§ What the exercise asks: Would you copy exactly the lines in the data below from the one that has "小学校で食べるはじめての給食" through the one that has "Display your business", dropping any pictures?

§ Entries supplied:
•••••

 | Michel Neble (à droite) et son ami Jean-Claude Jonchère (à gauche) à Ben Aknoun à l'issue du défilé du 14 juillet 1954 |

•••••

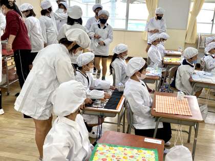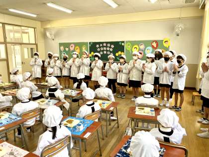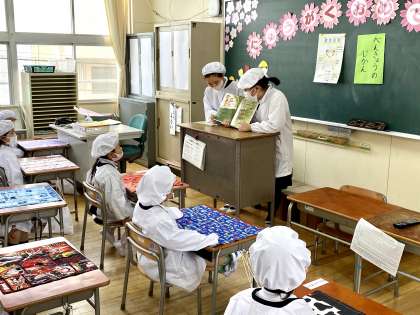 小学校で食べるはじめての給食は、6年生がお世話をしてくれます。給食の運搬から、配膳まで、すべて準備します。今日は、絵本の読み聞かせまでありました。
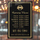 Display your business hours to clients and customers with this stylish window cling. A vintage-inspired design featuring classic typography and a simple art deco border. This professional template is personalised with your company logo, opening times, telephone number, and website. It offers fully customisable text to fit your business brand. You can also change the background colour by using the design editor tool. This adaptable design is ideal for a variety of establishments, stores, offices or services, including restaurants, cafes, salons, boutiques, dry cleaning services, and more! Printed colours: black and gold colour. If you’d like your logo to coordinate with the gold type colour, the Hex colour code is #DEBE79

•••••

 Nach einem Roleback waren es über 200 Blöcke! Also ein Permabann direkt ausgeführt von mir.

•••••

§ Solved problem:
 小学校で食べるはじめての給食は、6年生がお世話をしてくれます。給食の運搬から、配膳まで、すべて準備します。今日は、絵本の読み聞かせまでありました。
 Display your business hours to clients and customers with this stylish window cling. A vintage-inspired design featuring classic typography and a simple art deco border. This professional template is personalised with your company logo, opening times, telephone number, and website. It offers fully customisable text to fit your business brand. You can also change the background colour by using the design editor tool. This adaptable design is ideal for a variety of establishments, stores, offices or services, including restaurants, cafes, salons, boutiques, dry cleaning services, and more! Printed colours: black and gold colour. If you’d like your logo to coordinate with the gold type colour, the Hex colour code is #DEBE79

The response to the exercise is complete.